El de pie más temprano que nunca. Para pasar por el jardín de Luisa y arrancar esa rosa antes que otro niño lo hiciera era muy importante el sacrificio. La estaba velando desde el día anterior. Estaba hermosa. Mi vecina daba esa y otras cada 28 de octubre a los pioneros que, eufóricos, marchaban orgullosos a la escuela con la flor para Camilo.
Flor en mano y uniforme impecable llegaba al aula. Algún que otro compañero de clases no conseguía el tributo, pero la maestra estaba preparada para todo e iba pertrechada. Ella sabía cuán importante era Camilo para los niños.
El peregrinar al río Sagua era muy divertido. La inocencia hacía que el salir de la rutina fuera un motor impulsor.
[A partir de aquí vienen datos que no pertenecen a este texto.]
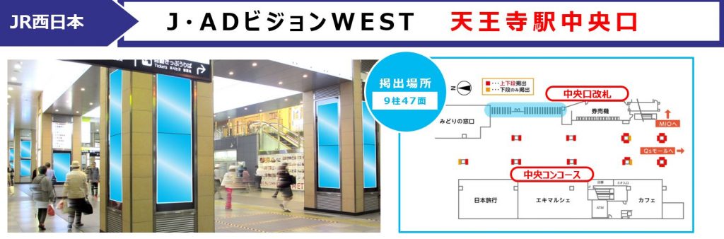 *JR西日本の駅の中で、一日の乗降数が約30万人とBEST3に入る大阪の主要ターミナル駅(大阪府平野区天王寺)です。近くには日本一高いビル「アベノハルカス」や天王寺動物園・大型ショッピングセンターがあり、平日は通勤・通学者で、週末は観光・買い物客で賑わうエリアです。
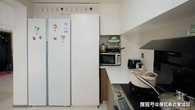 奶白上柜为视觉膨胀色,托起对纯净的向往,使得层高显高10%;栗棕下柜为收缩色,形成视觉锚点,避免头重脚轻,并承载着柴米油盐的烟火气;灰白地面则是连接二者的时光走廊。就像意大利导演费里尼说的:"生活的味道,总在咸淡之间。"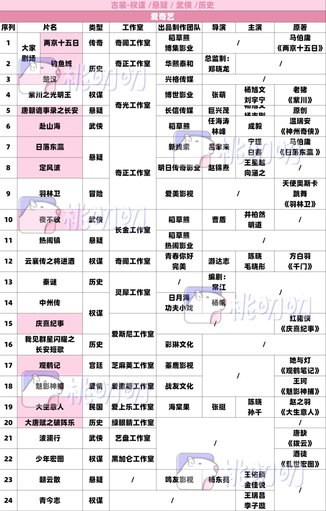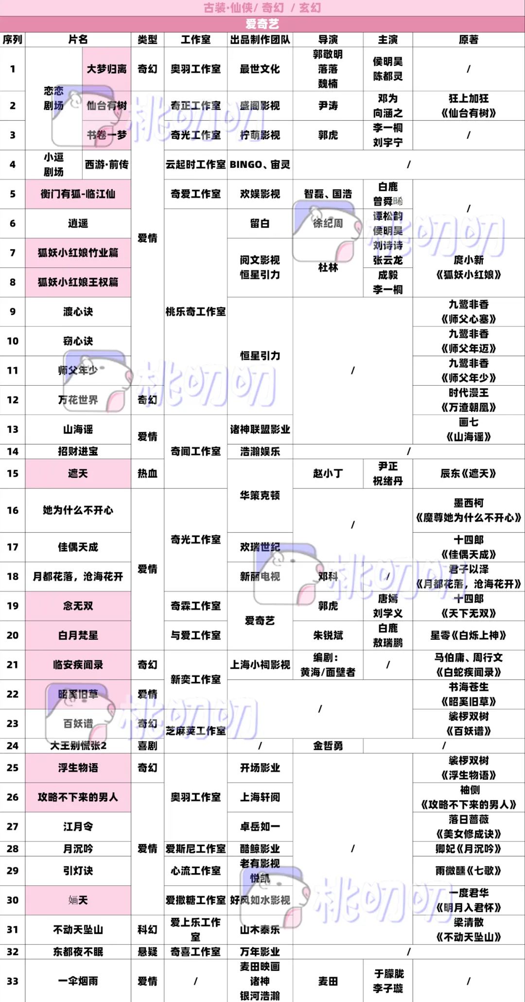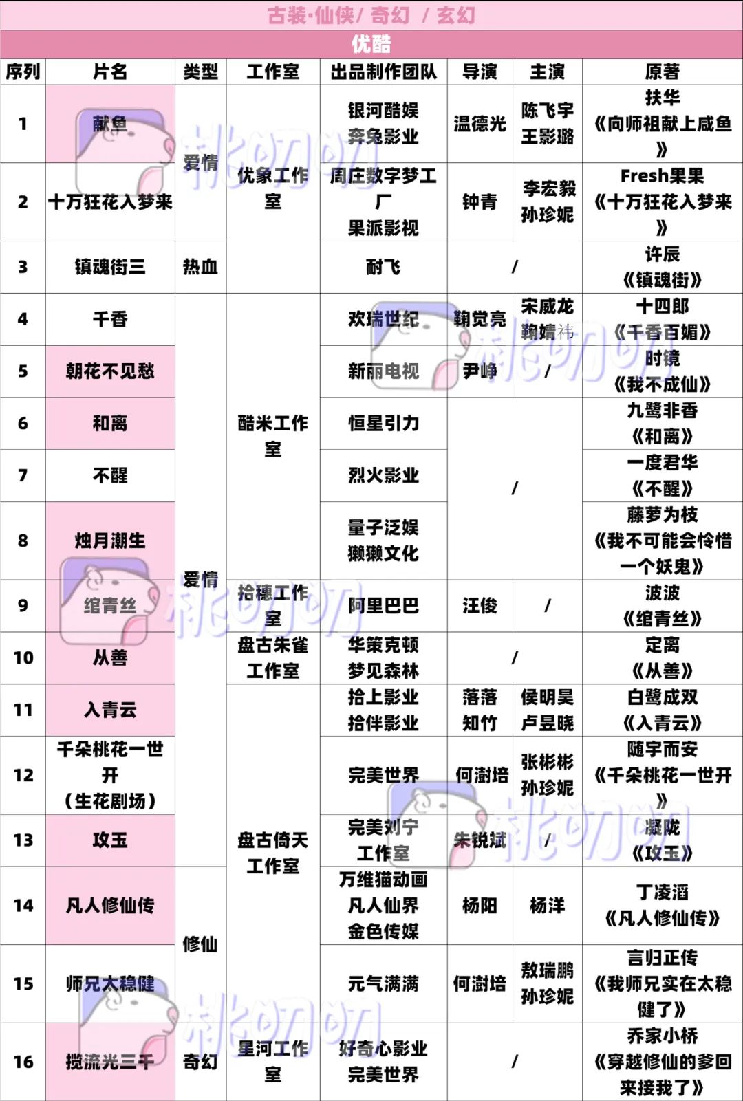 叨叨以古装剧和现代剧为大分类,将各家片单分别分为了纯古偶、古装奇幻、古装奇谋、纯现偶、现代悬疑和现实主义。看看接下来1—2年,还能端上哪些硬菜或黑马爆品吗?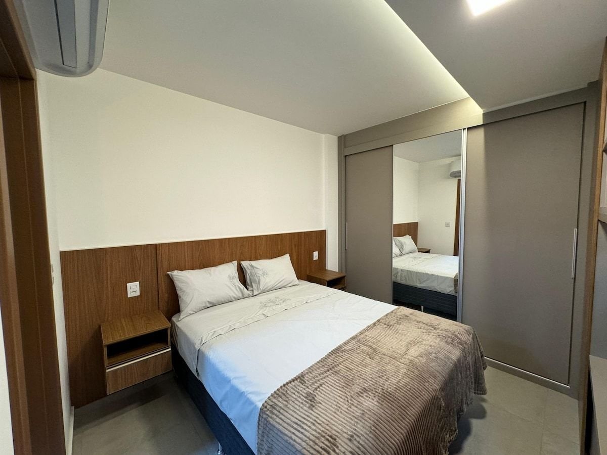 美麗的公寓,位於Ribeirão Preto市中心,有陽臺、臥室、浴室、美食空間和客廳。 臥室和客廳配有分體式空調、爐子、微波爐、迷你吧、高速(遠端工作)平板電視的WiFi、有線電視和設備齊全的廚房。 24小時大門配有代客泊車、有蓋車庫的停車位、健身房、遊泳池、桑拿房和餐廳服務。白天不含早餐。大樓仍有會議和會議室(不含服務)。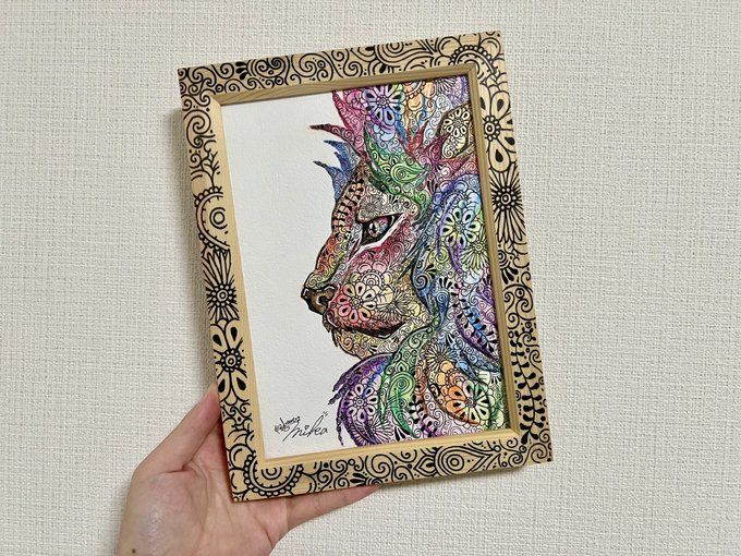 額完成しました🖼 F8サイズ用の額を描きあげるのに約90〜100分ほどかかります。 こちらの額に作品を入れた様子は是非展示会場で❤️(展示会案内は固定ツイートをご覧下さい) #絵描きさんと繋がりたい #ゴールデンウィークSNS展覧会2023 #アナログ絵 #ゴールデンウィークはフォロワーが増えるらしい twitter.com/8drawers_art/s…

Pero antes de cada llegada nos recordaban quién fue Camilo, qué había hecho por Cuba. Nos contaban que desapareció en el mar con el sagüero Luciano Fariñas, y también que el pueblo se lanzó al mar a buscarlo desesperado.
En ese punto recordaba a mis abuelos que los tuvieron delante una vez. Él me dijo que fue impresionante: sombrero alón, sonrisa amplia, bondad extrema. El poema era verídico. Ella me dijo que inspiraba al pueblo una confianza única, y ni hablar de su carisma. También recordaba la historia de Marino de Isabela, que salió en su búsqueda frenético; y de un pueblo entero al tanto de una noticia, colgando de una esperanza.
La flor caía y confieso que muchas veces, con ella, una lágrima. Me atrevo a decir que la mayoría regresaba del río con la cabeza gacha. Concentrarse era difícil en las clases luego. En mi cabeza se aunaban las anécdotas, las preguntas, el imaginar cómo habría sido la historia de un hombre excepcional con otro final.
Me hubiera gustado conocerlo, me hubiera gustado que el río no se llevara su homenaje al mar. Pero esa tristeza marchaba cada noche. Como niña al fin recapitulaba con mi mamá, sobre la almohada, los acontecimientos del día. Pero una idea rondaba en mi mente para mi tranquilidad: Camilo está satisfecho, nos da por cada flor una sonrisa.